State Park Superintendent Mike Wells makes a point at the end of the article that I think hints at the the underlying forces actually responsible for what we’re experiencing.

Wells says that development pressures have typified his 31-year park career. Pressures for land use and development have been present for all public parks – stae, county, and national – since the beginning.

That’s not the story. The story actually lies in the political will that is now predominant across the US. I don’t think our country’s parks have ever before felt such peril – not even in the boisterous era of President Reagan and his then-Secretary of the Interior Watts.

It may have helped that that administration’s efforts were so boisterous. The things they uttered as they announced their decisions figuratively shot themselves in the foot.
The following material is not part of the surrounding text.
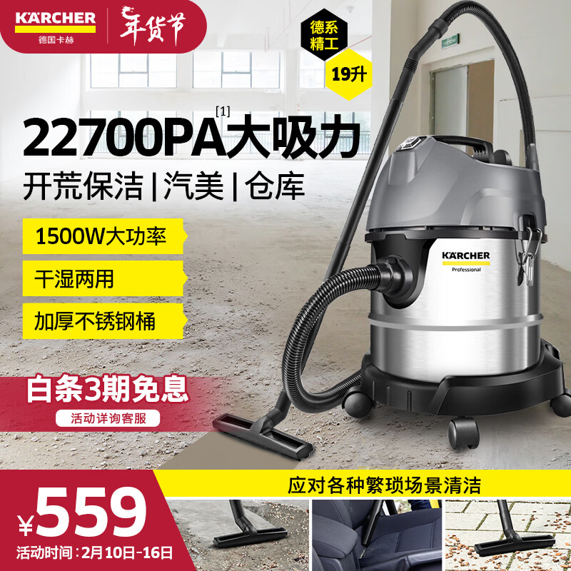 KARCHER 德国卡赫 家用商用工业不锈钢桶式干湿两用大功率大吸力吸尘器 NT20/1 联保价格:599.00元!

And luckily, all that came right on the heels of the developing environmental movement, so there were a lot of people all hopped up and ready to go.

But now, taking advantage of the large cycles of political will, those with power and those fighting for power have learned to be more insidious, more quiet in their chipping away at modern reforms.
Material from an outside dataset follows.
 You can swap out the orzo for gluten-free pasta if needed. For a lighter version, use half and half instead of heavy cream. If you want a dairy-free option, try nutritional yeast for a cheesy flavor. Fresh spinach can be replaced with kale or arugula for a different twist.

Even Earth Day has been co-opted into the fashion of lip service. Real resistance to the erosion of wilderness and park areas is politically insignificant.

It’s not that there are more developers now, or more people – it’s that the political will is against protecting nature.

The predominant ethic is that it is a resource. More than ever before, people of this persuasion are in power and those who would disagree are locked out.

I agree with Wells, that “parks have become exceptional areas” – really, exceptional in more ways than one.